PROBLEM DESCRIPTION ::
Transcribe, word for word, every line from the one containing "凤倾城九皇叔的小说免费阅读无删减(凤倾城)" through the final line of the records, and omit the pictures.

SOURCE INFORMATION ::
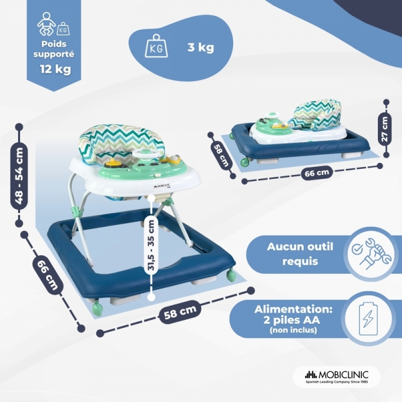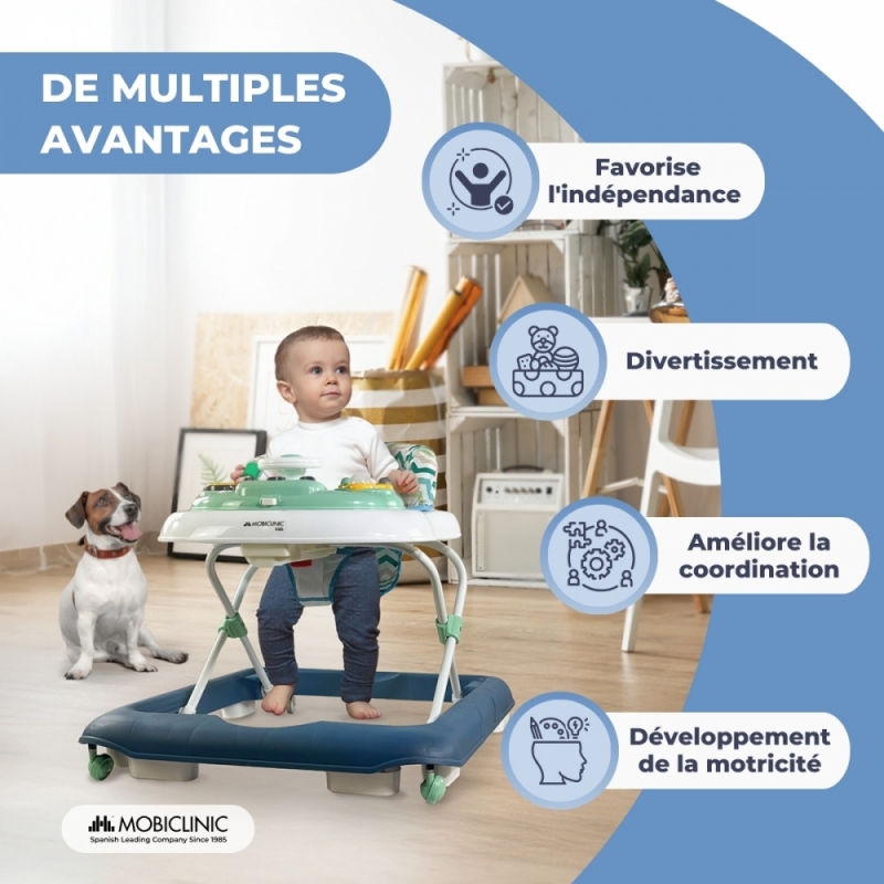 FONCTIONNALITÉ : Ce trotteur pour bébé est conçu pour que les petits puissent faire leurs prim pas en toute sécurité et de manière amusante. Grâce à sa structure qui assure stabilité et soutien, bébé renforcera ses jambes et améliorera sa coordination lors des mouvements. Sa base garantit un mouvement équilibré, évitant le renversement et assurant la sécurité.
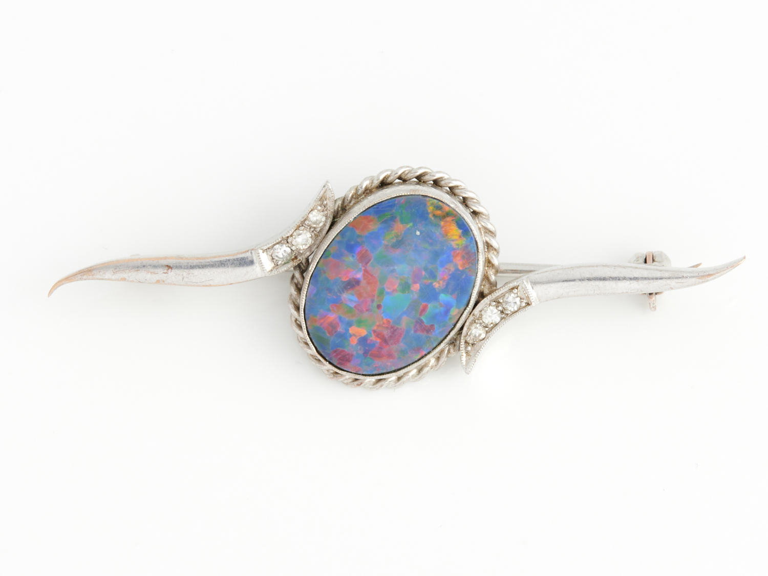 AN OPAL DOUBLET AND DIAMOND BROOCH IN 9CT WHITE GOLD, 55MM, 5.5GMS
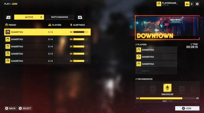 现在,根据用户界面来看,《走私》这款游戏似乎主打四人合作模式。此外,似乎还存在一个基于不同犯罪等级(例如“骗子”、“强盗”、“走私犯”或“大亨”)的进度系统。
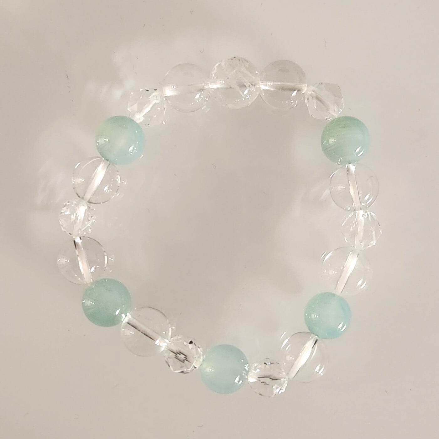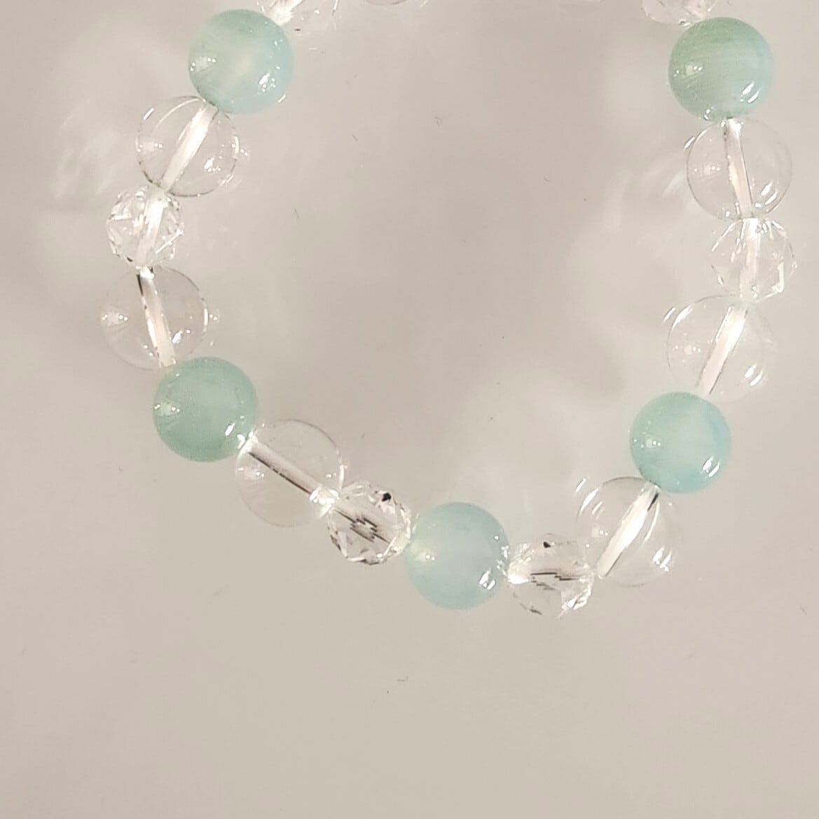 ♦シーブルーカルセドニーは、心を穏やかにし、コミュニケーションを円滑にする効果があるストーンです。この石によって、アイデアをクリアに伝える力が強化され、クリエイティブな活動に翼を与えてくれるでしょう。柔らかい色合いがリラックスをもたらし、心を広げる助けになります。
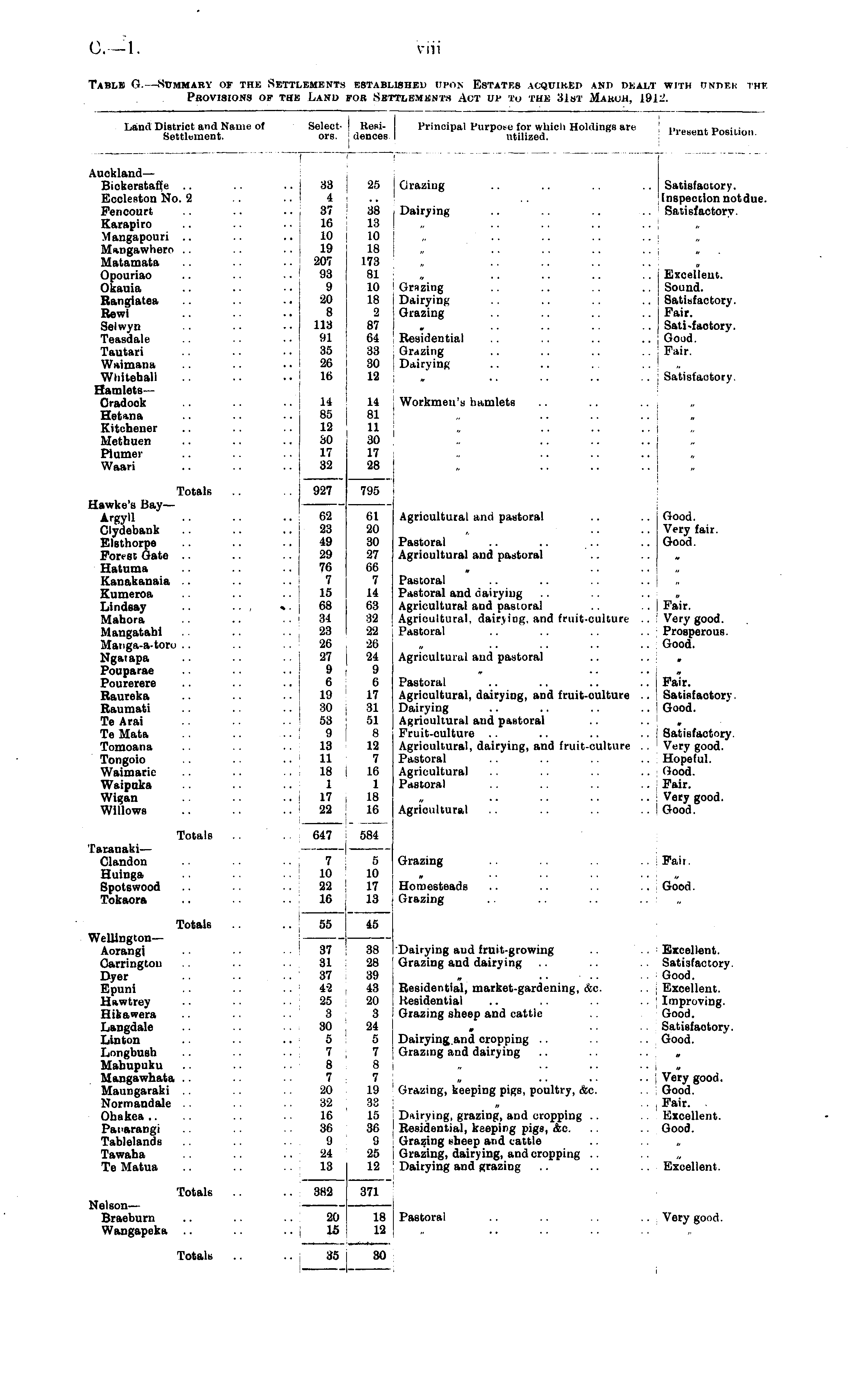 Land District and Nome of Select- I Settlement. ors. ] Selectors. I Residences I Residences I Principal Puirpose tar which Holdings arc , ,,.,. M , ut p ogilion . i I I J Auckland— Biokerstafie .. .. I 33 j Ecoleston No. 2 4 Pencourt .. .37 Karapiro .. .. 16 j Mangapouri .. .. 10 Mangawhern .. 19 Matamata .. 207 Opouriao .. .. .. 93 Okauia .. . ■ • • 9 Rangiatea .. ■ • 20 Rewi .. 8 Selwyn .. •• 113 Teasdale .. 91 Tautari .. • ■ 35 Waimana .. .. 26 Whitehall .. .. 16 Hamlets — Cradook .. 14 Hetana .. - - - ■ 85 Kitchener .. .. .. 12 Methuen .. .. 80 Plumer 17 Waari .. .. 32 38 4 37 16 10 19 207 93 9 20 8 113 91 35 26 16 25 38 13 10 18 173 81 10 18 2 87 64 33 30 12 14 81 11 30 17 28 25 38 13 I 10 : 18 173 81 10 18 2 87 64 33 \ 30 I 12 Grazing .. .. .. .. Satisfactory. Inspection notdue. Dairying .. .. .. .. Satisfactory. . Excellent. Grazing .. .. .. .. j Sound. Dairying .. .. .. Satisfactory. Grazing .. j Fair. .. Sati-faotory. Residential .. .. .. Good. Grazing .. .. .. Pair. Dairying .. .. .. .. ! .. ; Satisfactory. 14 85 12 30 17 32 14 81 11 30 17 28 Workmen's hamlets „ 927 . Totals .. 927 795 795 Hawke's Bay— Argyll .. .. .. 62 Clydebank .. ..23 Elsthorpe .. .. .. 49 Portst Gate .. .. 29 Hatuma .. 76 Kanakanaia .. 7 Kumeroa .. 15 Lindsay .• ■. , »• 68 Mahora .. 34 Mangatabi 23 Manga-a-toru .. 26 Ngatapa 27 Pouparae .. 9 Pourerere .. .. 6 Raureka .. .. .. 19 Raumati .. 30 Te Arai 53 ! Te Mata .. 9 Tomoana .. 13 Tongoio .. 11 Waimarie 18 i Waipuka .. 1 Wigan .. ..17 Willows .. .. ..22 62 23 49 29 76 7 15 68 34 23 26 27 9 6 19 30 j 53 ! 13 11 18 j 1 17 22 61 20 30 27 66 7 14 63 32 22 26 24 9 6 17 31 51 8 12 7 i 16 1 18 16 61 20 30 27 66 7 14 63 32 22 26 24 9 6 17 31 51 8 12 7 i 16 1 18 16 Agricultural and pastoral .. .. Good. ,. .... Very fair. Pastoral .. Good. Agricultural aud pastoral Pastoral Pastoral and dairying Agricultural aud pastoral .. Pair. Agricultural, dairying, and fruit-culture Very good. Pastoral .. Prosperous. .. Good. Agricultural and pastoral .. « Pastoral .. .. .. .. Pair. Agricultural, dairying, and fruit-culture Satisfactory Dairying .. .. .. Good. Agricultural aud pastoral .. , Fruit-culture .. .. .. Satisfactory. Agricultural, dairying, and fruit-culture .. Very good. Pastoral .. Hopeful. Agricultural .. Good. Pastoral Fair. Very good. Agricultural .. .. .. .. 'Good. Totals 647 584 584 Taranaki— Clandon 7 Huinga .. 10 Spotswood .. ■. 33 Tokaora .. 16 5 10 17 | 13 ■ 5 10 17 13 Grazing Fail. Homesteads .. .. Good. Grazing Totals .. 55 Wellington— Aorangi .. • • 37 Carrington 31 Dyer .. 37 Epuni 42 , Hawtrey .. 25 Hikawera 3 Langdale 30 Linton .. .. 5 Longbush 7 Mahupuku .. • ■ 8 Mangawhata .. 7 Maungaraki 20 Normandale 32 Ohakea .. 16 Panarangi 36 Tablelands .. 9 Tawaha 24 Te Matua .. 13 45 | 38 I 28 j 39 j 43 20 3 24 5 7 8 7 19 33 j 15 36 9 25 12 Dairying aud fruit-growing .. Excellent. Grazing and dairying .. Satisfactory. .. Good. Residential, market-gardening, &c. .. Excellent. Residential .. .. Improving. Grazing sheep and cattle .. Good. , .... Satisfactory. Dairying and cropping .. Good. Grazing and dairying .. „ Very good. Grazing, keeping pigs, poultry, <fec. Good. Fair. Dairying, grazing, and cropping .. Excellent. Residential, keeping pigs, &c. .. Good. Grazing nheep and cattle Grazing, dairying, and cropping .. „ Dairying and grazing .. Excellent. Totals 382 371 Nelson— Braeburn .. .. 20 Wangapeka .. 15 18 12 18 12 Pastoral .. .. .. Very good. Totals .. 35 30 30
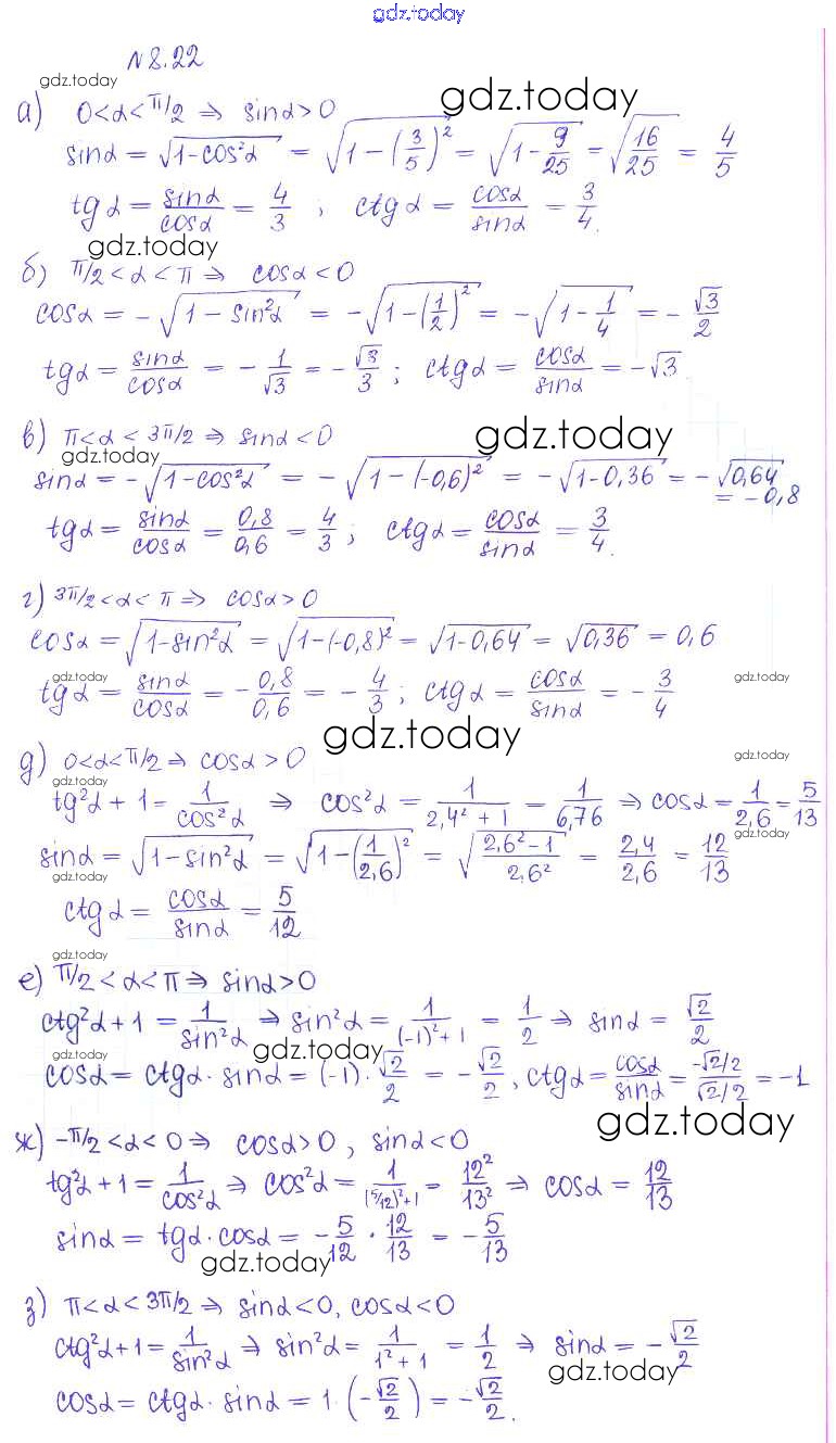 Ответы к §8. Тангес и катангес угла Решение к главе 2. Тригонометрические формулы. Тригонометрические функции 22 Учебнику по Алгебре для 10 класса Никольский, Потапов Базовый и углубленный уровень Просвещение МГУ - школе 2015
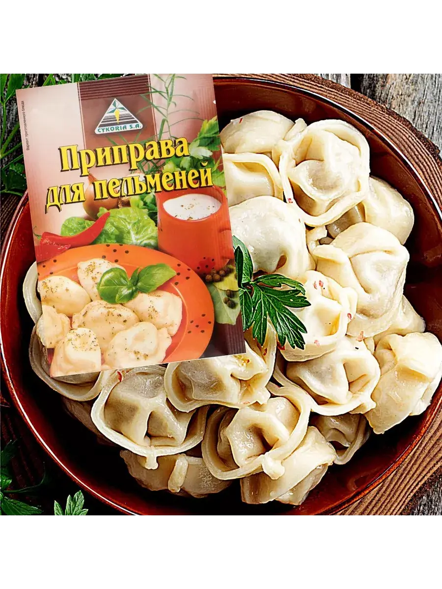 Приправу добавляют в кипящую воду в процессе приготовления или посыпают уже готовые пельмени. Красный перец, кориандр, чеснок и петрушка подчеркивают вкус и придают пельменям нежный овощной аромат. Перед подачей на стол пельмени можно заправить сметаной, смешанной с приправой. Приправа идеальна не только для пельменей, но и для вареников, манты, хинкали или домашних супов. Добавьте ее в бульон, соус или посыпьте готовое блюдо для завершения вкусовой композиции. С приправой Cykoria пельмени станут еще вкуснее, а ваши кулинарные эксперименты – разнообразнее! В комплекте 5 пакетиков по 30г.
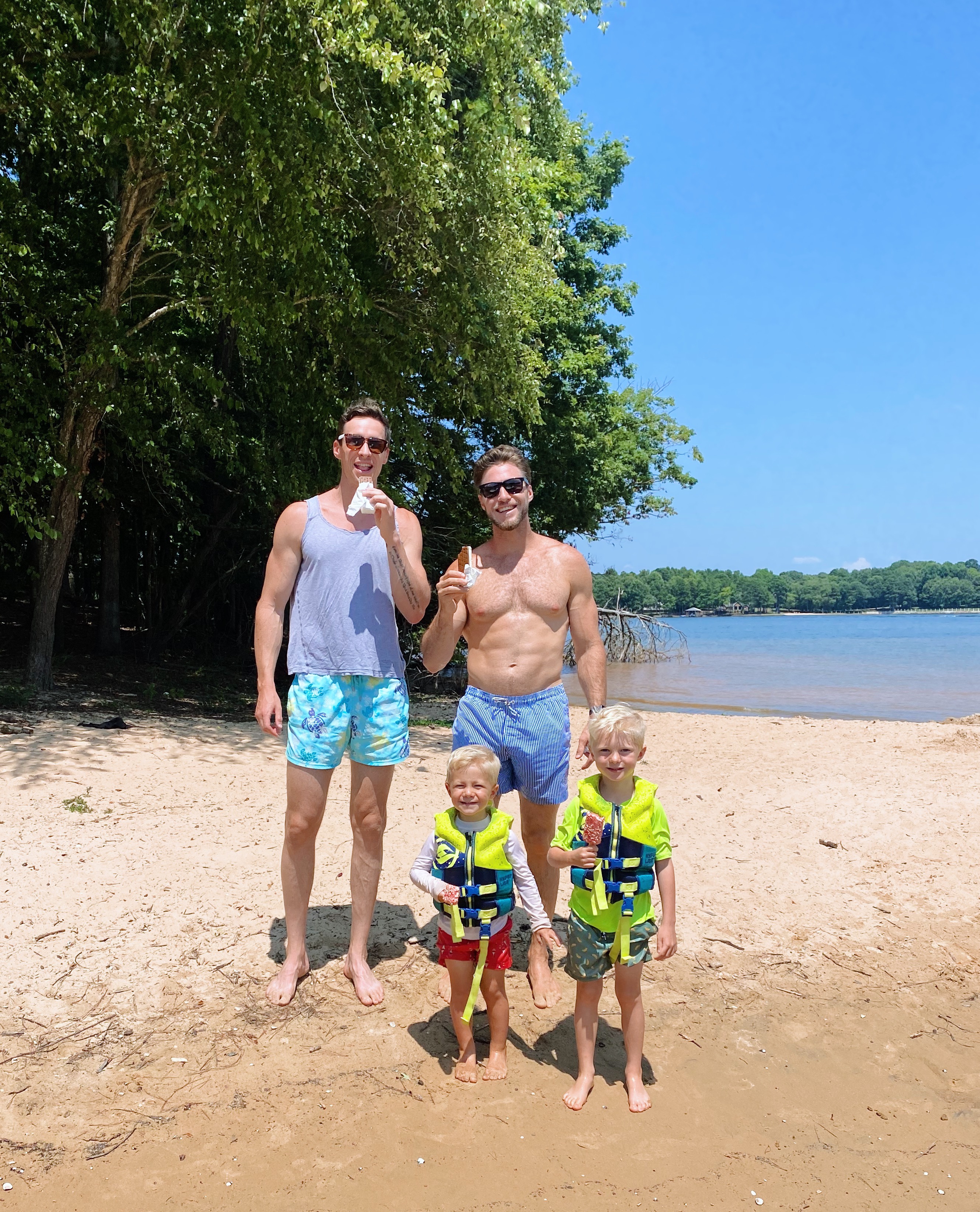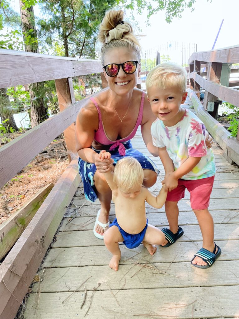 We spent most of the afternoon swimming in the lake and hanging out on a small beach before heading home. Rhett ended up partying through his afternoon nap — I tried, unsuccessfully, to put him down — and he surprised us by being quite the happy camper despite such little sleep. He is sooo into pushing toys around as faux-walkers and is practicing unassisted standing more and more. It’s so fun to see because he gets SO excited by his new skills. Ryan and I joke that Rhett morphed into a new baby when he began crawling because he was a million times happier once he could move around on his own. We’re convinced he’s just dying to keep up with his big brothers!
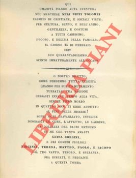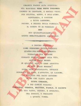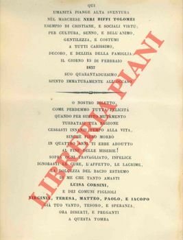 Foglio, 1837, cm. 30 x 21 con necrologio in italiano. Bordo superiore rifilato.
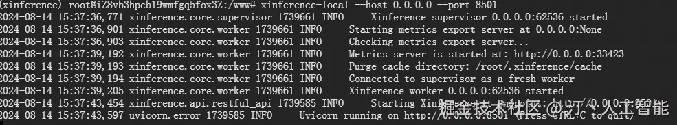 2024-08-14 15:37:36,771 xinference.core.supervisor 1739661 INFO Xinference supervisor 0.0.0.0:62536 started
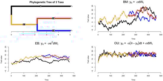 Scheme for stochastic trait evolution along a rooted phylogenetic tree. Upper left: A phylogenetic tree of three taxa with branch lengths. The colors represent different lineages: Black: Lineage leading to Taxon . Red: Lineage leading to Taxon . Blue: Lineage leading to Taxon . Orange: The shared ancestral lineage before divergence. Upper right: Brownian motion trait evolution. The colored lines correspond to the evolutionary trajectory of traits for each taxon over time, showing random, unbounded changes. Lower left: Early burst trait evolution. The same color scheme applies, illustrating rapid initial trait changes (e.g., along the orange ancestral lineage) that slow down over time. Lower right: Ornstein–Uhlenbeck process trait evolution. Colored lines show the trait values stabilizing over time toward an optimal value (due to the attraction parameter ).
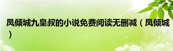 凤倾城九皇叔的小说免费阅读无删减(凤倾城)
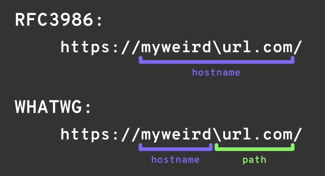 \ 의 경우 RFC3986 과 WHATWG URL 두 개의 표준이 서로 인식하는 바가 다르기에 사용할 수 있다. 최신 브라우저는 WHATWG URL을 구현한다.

SOLVED EXERCISE ::
 凤倾城九皇叔的小说免费阅读无删减(凤倾城)
 \ 의 경우 RFC3986 과 WHATWG URL 두 개의 표준이 서로 인식하는 바가 다르기에 사용할 수 있다. 최신 브라우저는 WHATWG URL을 구현한다.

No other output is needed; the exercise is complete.